Свят с силой сжимает мои плечи, – к вечеру наверняка проступят синяки от такой хватки, – синие глаза полыхают неукротимой решимостью исправить что-то поистине невозможное.

– Лерк, старик, послушай меня! Ты остаёшься в Буживале с нашей Максин, а я к вечеру привезу тебе сына. Я это сделаю, слышишь?

Я поднял на мужа мрачные глаза, мне и самому не хотелось оставлять нашу дочь, но предчувствие тянуло на Елисейские поля и холодило кровь.

– Свят, тут что-то не то. Я боюсь, реально! Я, который лез в любую дыру, очертя голову! Я, сука, боюсь!!! – рвано выдохнул я в лицо Макеева.

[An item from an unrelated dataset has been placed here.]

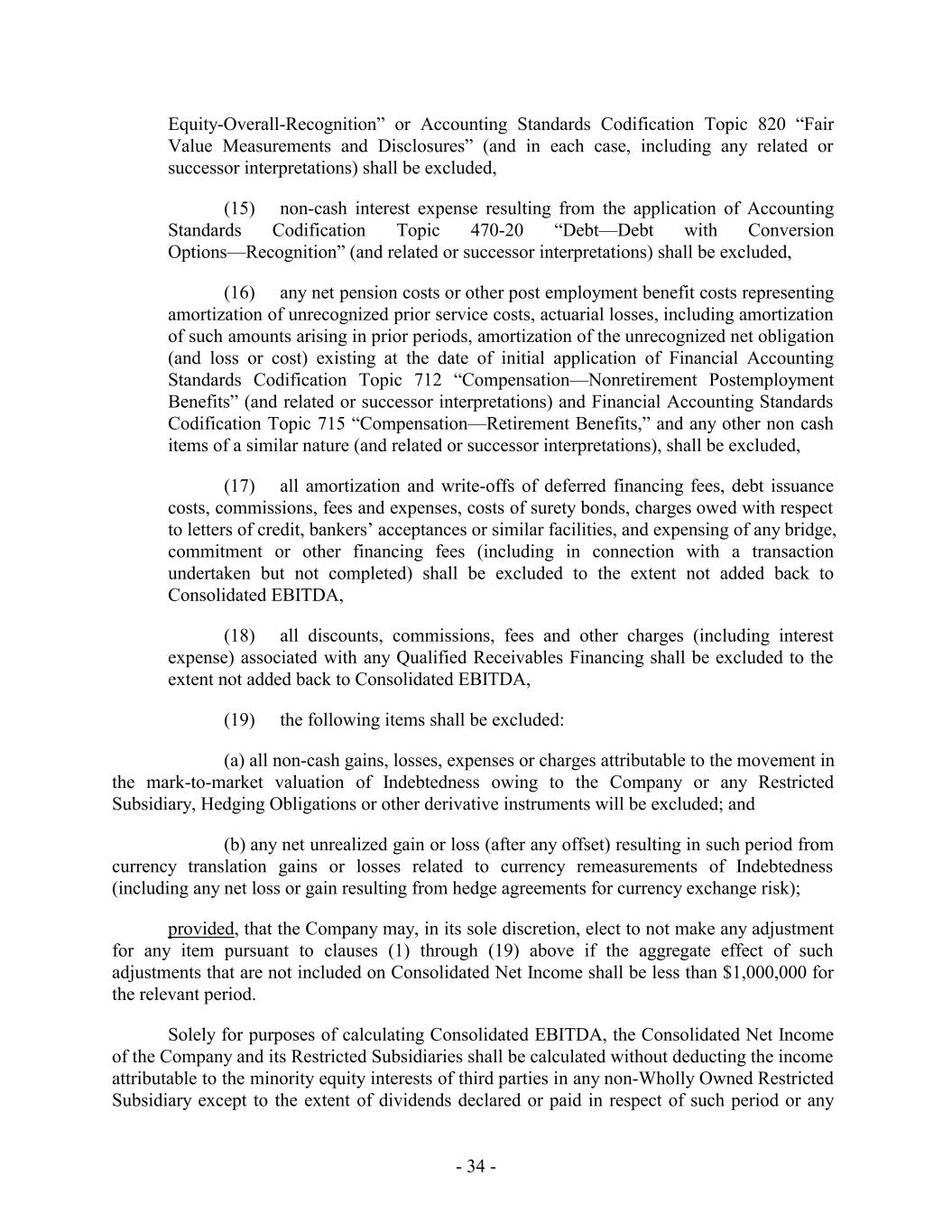 Equity-Overall-Recognition” or Accounting Standards Codification Topic 820 “Fair Value Measurements and Disclosures” (and in each case, including any related or successor interpretations) shall be excluded, (15) non-cash interest expense resulting from the application of Accounting Standards Codification Topic 470-20 “Debt—Debt with Conversion Options—Recognition” (and related or successor interpretations) shall be excluded, (16) any net pension costs or other post employment benefit costs representing amortization of unrecognized prior service costs, actuarial losses, including amortization of such amounts arising in prior periods, amortization of the unrecognized net obligation (and loss or cost) existing at the date of initial application of Financial Accounting Standards Codification Topic 712 “Compensation—Nonretirement Postemployment Benefits” (and related or successor interpretations) and Financial Accounting Standards Codification Topic 715 “Compensation—Retirement Benefits,” and any other non cash items of a similar nature (and related or successor interpretations), shall be excluded, (17) all amortization and write-offs of deferred financing fees, debt issuance costs, commissions, fees and expenses, costs of surety bonds, charges owed with respect to letters of credit, bankers’ acceptances or similar facilities, and expensing of any bridge, commitment or other financing fees (including in connection with a transaction undertaken but not completed) shall be excluded to the extent not added back to Consolidated EBITDA, (18) all discounts, commissions, fees and other charges (including interest expense) associated with any Qualified Receivables Financing shall be excluded to the extent not added back to Consolidated EBITDA, (19) the following items shall be excluded: (a) all non-cash gains, losses, expenses or charges attributable to the movement in the mark-to-market valuation of Indebtedness owing to the Company or any Restricted Subsidiary, Hedging Obligations or other derivative instruments will be excluded; and (b) any net unrealized gain or loss (after any offset) resulting in such period from currency translation gains or losses related to currency remeasurements of Indebtedness (including any net loss or gain resulting from hedge agreements for currency exchange risk); provided, that the Company may, in its sole discretion, elect to not make any adjustment for any item pursuant to clauses (1) through (19) above if the aggregate effect of such adjustments that are not included on Consolidated Net Income shall be less than $1,000,000 for the relevant period. Solely for purposes of calculating Consolidated EBITDA, the Consolidated Net Income of the Company and its Restricted Subsidiaries shall be calculated without deducting the income attributable to the minority equity interests of third parties in any non-Wholly Owned Restricted Subsidiary except to the extent of dividends declared or paid in respect of such period or any - 34 -

– Я знаю!!! Поэтому сегодня ты слушаешь меня, Лерка! Потому что сейчас я – твой грёбаный муж, и я должен кое-что сделать!

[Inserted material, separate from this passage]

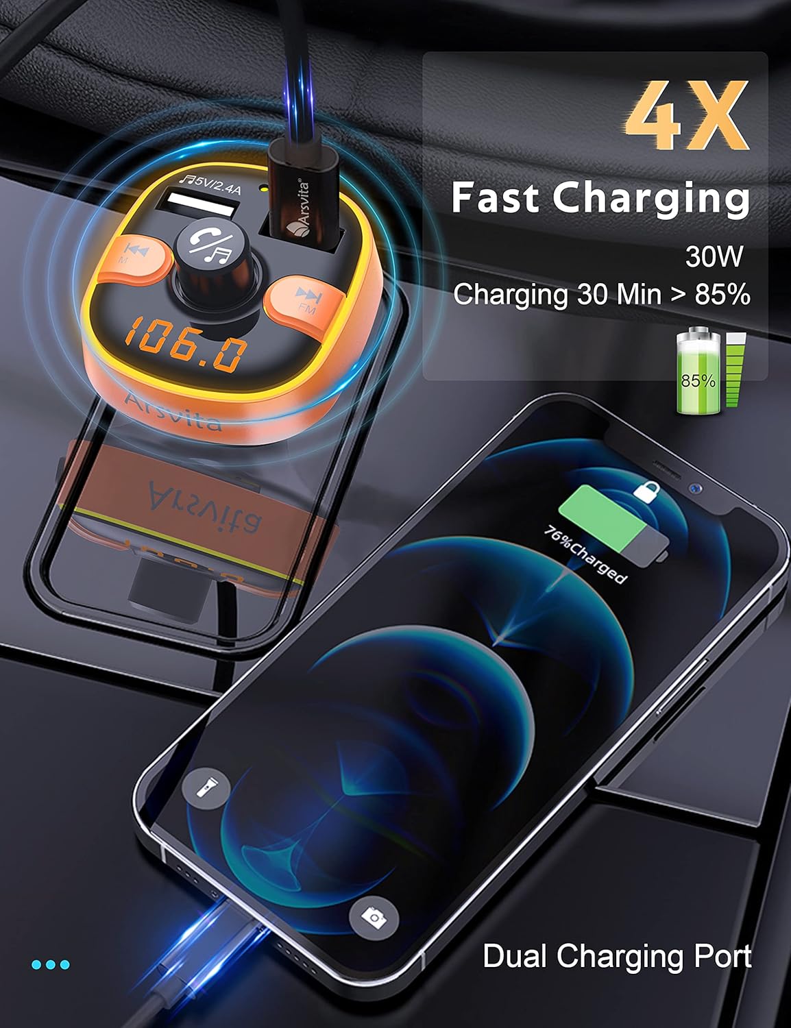Upgraded Arsvita Bluetooth FM Transmitter for Car, Radio Receiver/Audio Adapter with Dual Car Charger, Support QC3.0 Quick Charging, Hands-Free Calling and Hi-Fi Sound Playback, Orange

Я без сил махнул рукой и ушёл в спальню. Я и без Чезе научился чувствовать, когда проснулась Макс, когда грустно Паю, когда Мирро надо было выговориться, когда Пэтч стеснялся что-то спросить, когда Задира… когда Фаби… когда его светлость князь Луиджи, когда… когда… когда… Взяв дочку на руки, я прижался губами к пухленькой щечке, по моему лицу спонтанно захлопали ручонки. Если бы я разрыдался или заорал, мне вряд ли стало бы легче.

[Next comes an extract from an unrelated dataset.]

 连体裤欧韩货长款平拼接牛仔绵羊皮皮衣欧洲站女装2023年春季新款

– Мне плохо, ребёнок. Очень. Я знаю, что Солнышко в беде, и мужики могут… не успеть. Я могу только молиться и обещать, что больше никого из вас от себя не отпущу! Ни-ко-го!

От автора

Пай с трудом открыл глаза, голова налилась тупой болью, разливающейся от затылка. Парень лежал на роскошной кровати класса роял-люкс на боку, руки были стянуты за спиной в запястьях, ноги – связаны за щиколотки. Рядом с постелью на полу сидел сломанным манекеном Бонне, держа в зубах незажжённую сигарету. Юноше хватило пары минут, чтобы вспомнить всё произошедшее ранее и похолодеть.

– Тьерри, почему… я здесь? Почему связан? – осторожно спросил Престон, облизывая губы. – Зачем ты…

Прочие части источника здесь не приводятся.